### PROBLEM
Within the material below, transcribe exactly the lines from the one holding "接下来,毕业生代表上台发言。" through the one holding "床暖房 / バルコニー", keeping both ends and skipping the rest.

### EXERCISE MATERIAL
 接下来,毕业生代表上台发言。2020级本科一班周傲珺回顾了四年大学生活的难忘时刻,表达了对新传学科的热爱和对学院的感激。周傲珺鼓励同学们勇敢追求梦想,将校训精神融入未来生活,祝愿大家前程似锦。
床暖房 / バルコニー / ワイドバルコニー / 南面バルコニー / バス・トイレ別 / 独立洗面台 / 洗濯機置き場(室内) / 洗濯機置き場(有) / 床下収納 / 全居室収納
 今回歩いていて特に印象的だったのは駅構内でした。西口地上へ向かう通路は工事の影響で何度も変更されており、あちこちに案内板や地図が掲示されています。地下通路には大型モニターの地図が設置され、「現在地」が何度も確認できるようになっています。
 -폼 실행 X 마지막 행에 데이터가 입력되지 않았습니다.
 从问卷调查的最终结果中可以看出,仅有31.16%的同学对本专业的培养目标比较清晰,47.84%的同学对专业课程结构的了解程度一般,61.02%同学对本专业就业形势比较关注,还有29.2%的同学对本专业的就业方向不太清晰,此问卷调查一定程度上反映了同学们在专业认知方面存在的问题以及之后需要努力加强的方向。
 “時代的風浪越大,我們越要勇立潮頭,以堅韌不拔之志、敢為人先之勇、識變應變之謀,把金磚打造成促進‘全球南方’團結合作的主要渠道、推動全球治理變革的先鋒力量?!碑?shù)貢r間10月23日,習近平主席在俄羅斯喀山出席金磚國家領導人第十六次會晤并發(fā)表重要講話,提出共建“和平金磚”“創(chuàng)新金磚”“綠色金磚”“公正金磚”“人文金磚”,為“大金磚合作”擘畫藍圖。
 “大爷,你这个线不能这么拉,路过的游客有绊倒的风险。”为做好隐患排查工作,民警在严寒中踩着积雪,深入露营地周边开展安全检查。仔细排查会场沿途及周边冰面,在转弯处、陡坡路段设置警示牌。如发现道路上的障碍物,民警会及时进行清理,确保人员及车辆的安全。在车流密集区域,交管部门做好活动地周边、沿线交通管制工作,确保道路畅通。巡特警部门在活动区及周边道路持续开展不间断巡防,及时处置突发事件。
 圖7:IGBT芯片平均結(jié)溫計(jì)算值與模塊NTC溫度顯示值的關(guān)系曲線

==

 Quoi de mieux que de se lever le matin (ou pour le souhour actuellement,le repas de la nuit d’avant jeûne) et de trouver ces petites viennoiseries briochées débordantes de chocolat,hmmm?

--

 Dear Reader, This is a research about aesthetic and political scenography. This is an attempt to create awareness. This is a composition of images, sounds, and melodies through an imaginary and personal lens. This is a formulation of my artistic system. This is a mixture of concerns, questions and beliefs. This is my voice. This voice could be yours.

### SOLUTION TO THE EXERCISE
 接下来,毕业生代表上台发言。2020级本科一班周傲珺回顾了四年大学生活的难忘时刻,表达了对新传学科的热爱和对学院的感激。周傲珺鼓励同学们勇敢追求梦想,将校训精神融入未来生活,祝愿大家前程似锦。
床暖房 / バルコニー / ワイドバルコニー / 南面バルコニー / バス・トイレ別 / 独立洗面台 / 洗濯機置き場(室内) / 洗濯機置き場(有) / 床下収納 / 全居室収納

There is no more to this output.